Megaworld reported $0.54 EPS and $339.71M revenue without consensus analyst estimates available for comparison. Sequential results show modest declines: EPS down 1.9% and revenue down 6.7% from the prior quarter.

How does this quarter compare to previous quarters?

Q1 2026 revenue of $339.71M declined from Q4 2025’s $364.33M and Q1 2025’s $346.63M. EPS of $0.54 slightly decreased from prior quarter’s $0.53. The trend suggests softening demand or project timing variations in Philippine real estate.

Why did MGAWY stock decline after earnings?

The stock fell 0.64% following the earnings release, likely due to sequential revenue and EPS declines. The company’s weak five-year performance (-43.98%) and low valuation multiples suggest investor skepticism about growth prospects and market conditions.

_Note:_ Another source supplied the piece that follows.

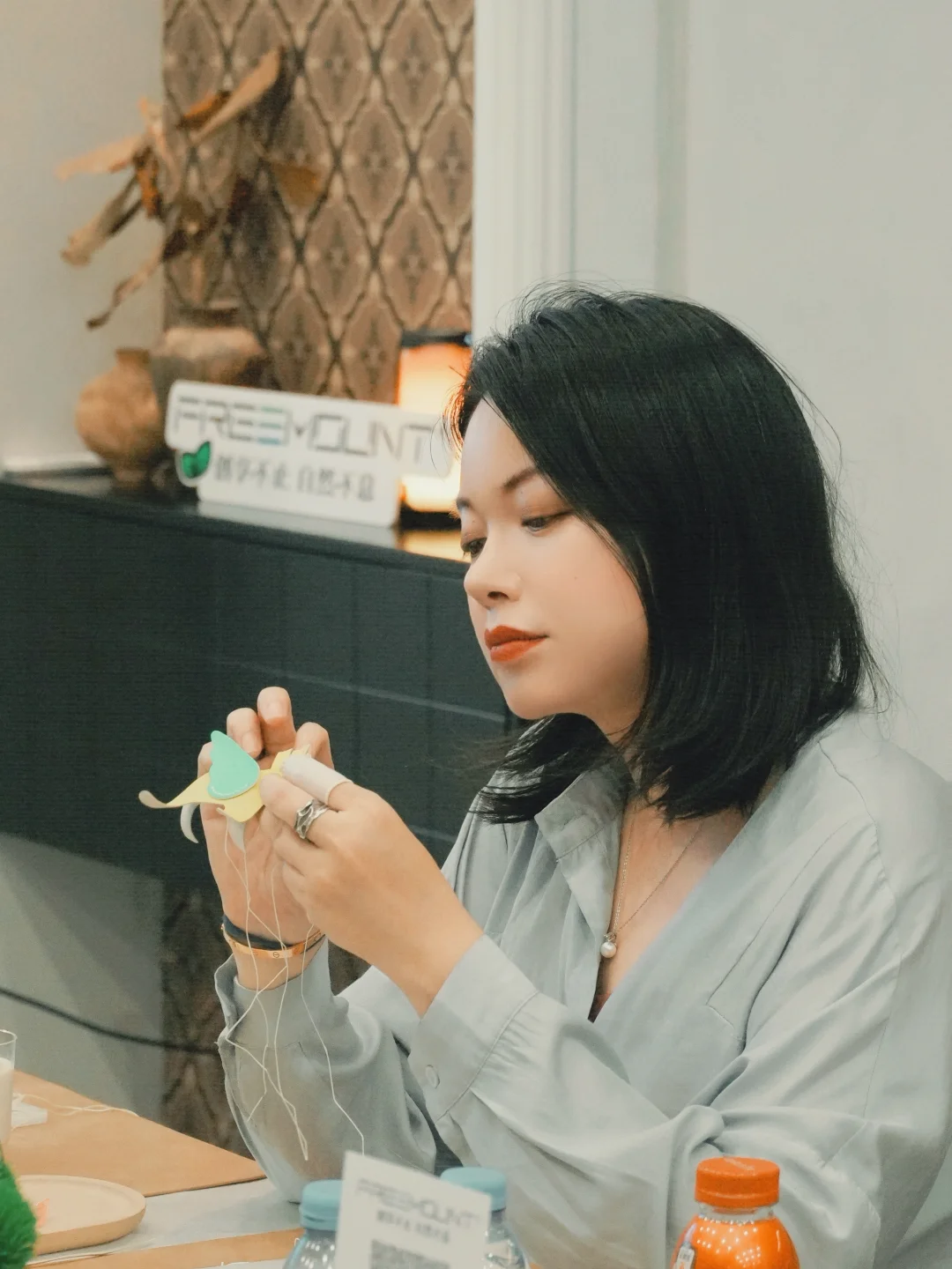 🍀主办方FREEMOUNT®作为全球可持续新材料品牌,以“低碳、健康、清洁”为理念,涵盖生物基、回收再循环等类别,传递可持续生活方式,引领产业链绿色发展。活动现场主办方代表也分享了关于FREEMOUNT®的理念和环保皮的一些基础知识,原来现在超纤皮技术已经快进到100%零溶剂的“全水性”啦,这次工坊使用的边角料就是这种独特工艺生产出来的REGEN瑞芝锦超纤皮,它在生产的每个环节,都能减少对水源和土壤的负担👍

What is Meyka AI’s rating for Megaworld?

Meyka AI rates MGAWY with a B+ grade, reflecting neutral sentiment. The rating acknowledges strong balance sheet metrics and 4.81% dividend yield but highlights concerns about modest ROE (8.04%), limited growth, and valuation risks in the Philippine real estate sector.

Is Megaworld a good investment at current prices?

MGAWY trades at extremely low multiples (PE 3.23, price-to-book 0.25), offering potential value. However, sequential revenue decline, weak five-year performance, and modest earnings growth warrant caution. The B+ rating suggests neutral positioning pending clearer growth signals.

Disclaimer:

Stock markets involve risks. This content is for informational purposes only. Earnings estimates are analyst projections and not guarantees of actual results. Past performance does not guarantee future results. Meyka AI PTY LTD provides market analysis and data insights, not financial advice. Always conduct your own research and consider consulting a licensed financial advisor.